Calling a C++ member function pointer: this-pointer gets corrupted

Question

I need to convert some member function pointers to void* pointers (because I need to push them to the Lua stack, but the problem is not Lua related).

I do this using a union. But when I convert the member function pointers to a void* and back again and then try to call the pointer with an instance of the class, the this pointer gets corrupted. Strangly, this problem doesn't happen, if I convert the void* pointer back into a C-style function pointer with a pointer to the class as it's first parameter.

Here is piece of code that demonstrates the problem:

#include <iostream>
using namespace std;

class test
{
    int a;

    public:
        void tellSomething ()
        {
            cout << "this: " << this << endl;
            cout << "referencing member variable..." << endl;
            cout << a << endl;
        }
};

int main ()
{
    union
    {
        void *ptr;
        void (test::*func) ();
    } conv1, conv2;

    union
    {
        void *ptr;
        void (*func) (test*);
    } conv3;

    test &t = *new test ();

    cout << "created instance: " << (void*) &t << endl;

    // assign the member function pointer to the first union
    conv1.func = &test::tellSomething;

    // copy the void* pointers
    conv2.ptr = conv3.ptr = conv1.ptr;

    // call without conversion
    void (test::*func1) () = conv1.func;
    (t.*func1) (); // --> works

    // call with C style function pointer invocation
    void (*func3) (test*) = conv3.func;
    (*func3) (&t); // --> works (although obviously the wrong type of pointer)

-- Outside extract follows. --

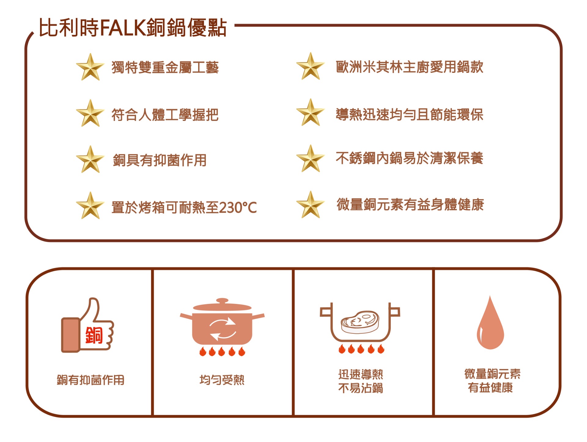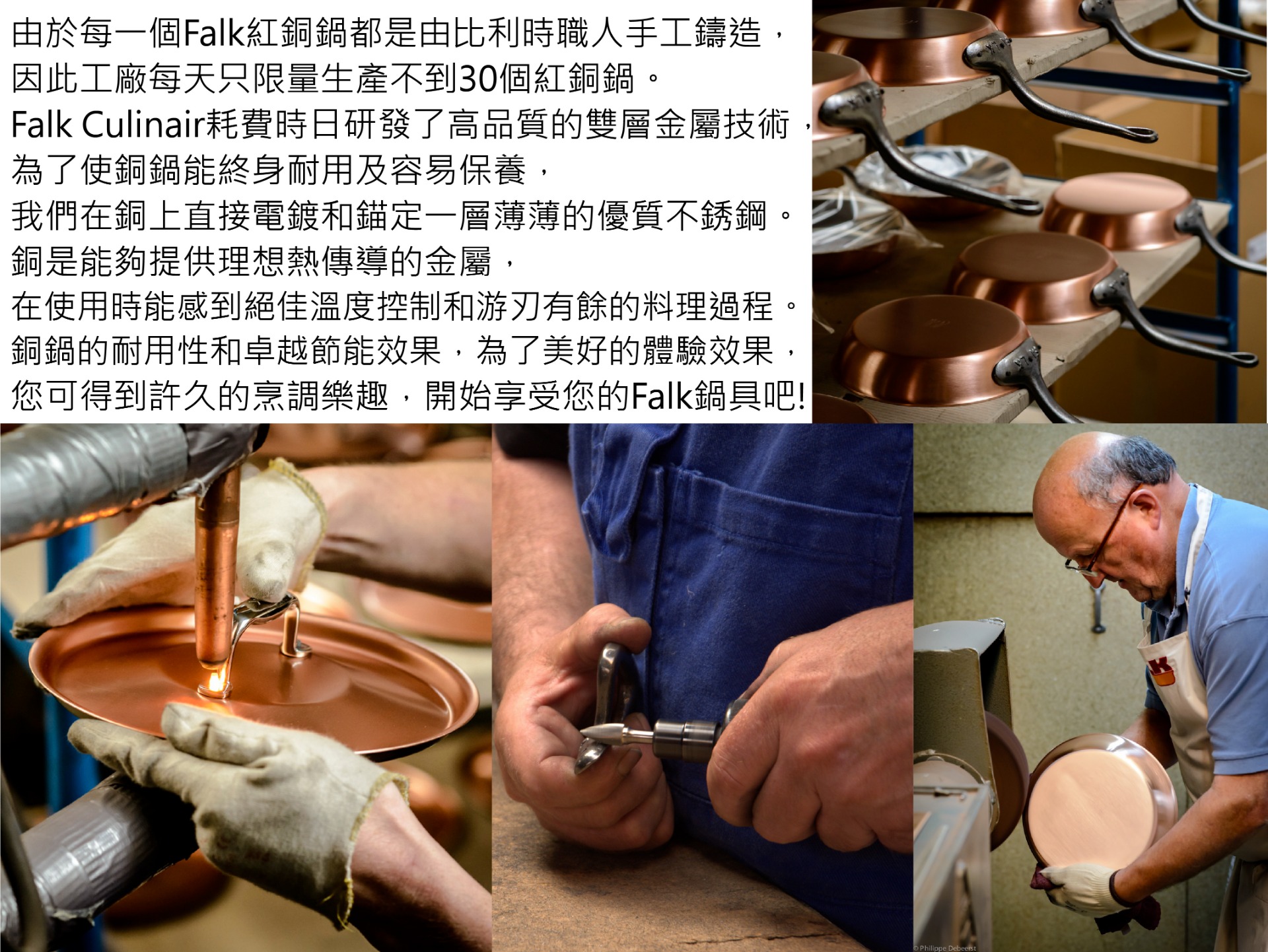 此技術稱為intercrystallisation將2.3mm的純銅和0.2mm的18/8不銹鋼完美結合, 使FALK銅鍋兼具了銅的快速導熱性及不銹鋼烹飪的優點。

    // call with C++ style member function pointer invocation
    void (test::*func2) () = conv2.func;
    (t.*func2) (); // `this' is the wrong pointer; program will crash in the member function

    return 0;
}

That is the output:

created instance: 0x1ff6010
this: 0x1ff6010
referencing member variable...
0
this: 0x1ff6010
referencing member variable...
0
this: 0x10200600f
referencing member variable...
zsh: segmentation fault (core dumped)  ./a.out

Is this a bug in the compiler (GCC)? I know that this conversion between void* and (member) function pointers is not standard compliant, but the odd thing is, that it works, when converting the void* to a C style function pointer.

Answer 1

It looks to me as though on your implementation, the first size(void*) bytes of an instance of the pointer-to-member-function type void (test::*) () just so happen, in this case, to be the address of a function in memory. As an implementation detail, that function is callable as if it were a free function with this as the first parameter. That's why conv3 appears to work.

However, your luck has run out when trying to copy those first sizeof(void*) bytes out into a different instance of the pointer-to-member-function type. The uninitialized garbage in the rest of conv2, once interpreted as the rest of a pointer-to-member-function after the initial code address, has made something go wrong. I suspect there are some flags and offsets in there, to record information about virtual functions and multiple- and virtual- inheritance. When that information is incorrect, stuff goes wrong.

Answer 2

Add these two lines to your code and the answer will be clear:

cout << "sizeof(void*)=" << sizeof(conv1.ptr) << endl;
cout << "sizeof(test::*)=" << sizeof(conv1.func) << endl;

The reason is simple. Consider:

class Base1
{
 public:
 int x;
 void Foo();
 Base1();
};

class Base2
{
 public:
 float j;
 void Bar();
 Base2();
};

class Derived : public Base1, public Base2
{
 Derived();
};

When you call Foo on a Derived, the this pointer must point to Base1::x. But when you call Bar on a Derived, the this pointer must point to Base2::j! So a pointer to a member function must include both the address of the function and an "adjustor" to correct the this pointer to point to an instance of the correct type of class that the function expects as the this pointer.

You are losing the adjuster, causing the this pointer to be adjusted randomly.

Answer 3

Weirdly enough, here (under VS2005), the 1st and 3rd calls works fine but the 2nd (with conv3) fails with the this being corrupted.